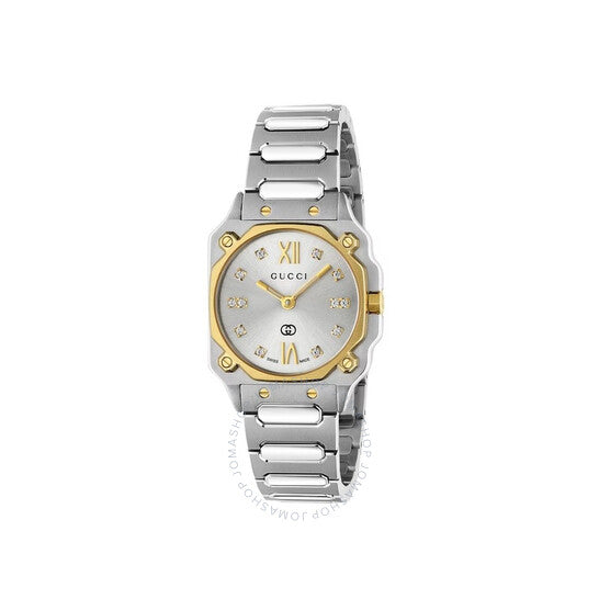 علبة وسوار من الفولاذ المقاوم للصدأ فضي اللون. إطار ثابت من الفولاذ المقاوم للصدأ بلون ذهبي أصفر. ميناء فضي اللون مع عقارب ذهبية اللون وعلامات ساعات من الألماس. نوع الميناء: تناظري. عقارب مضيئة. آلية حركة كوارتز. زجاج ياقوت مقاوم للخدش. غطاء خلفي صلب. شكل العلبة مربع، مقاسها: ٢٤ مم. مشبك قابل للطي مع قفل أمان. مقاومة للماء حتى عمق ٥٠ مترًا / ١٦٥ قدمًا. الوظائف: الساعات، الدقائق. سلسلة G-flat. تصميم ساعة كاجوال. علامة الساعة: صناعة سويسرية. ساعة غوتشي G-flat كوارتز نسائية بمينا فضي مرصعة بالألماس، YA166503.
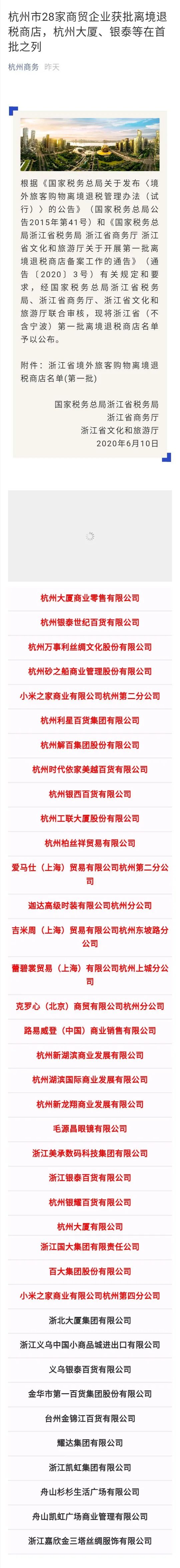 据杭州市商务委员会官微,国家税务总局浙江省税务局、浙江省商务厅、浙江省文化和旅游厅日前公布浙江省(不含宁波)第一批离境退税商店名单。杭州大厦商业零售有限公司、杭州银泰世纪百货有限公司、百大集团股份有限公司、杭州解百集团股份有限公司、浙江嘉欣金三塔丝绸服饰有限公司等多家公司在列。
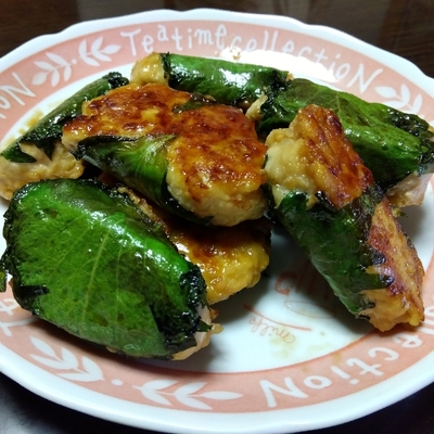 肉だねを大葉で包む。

● **Work task**: Every line from the one containing "据杭州市商务委员会官微,国家" through the last line of the data, both included, is to be repeated exactly; the pictures are to be left out.

● **Answer for the task**:
 据杭州市商务委员会官微,国家税务总局浙江省税务局、浙江省商务厅、浙江省文化和旅游厅日前公布浙江省(不含宁波)第一批离境退税商店名单。杭州大厦商业零售有限公司、杭州银泰世纪百货有限公司、百大集团股份有限公司、杭州解百集团股份有限公司、浙江嘉欣金三塔丝绸服饰有限公司等多家公司在列。
 肉だねを大葉で包む。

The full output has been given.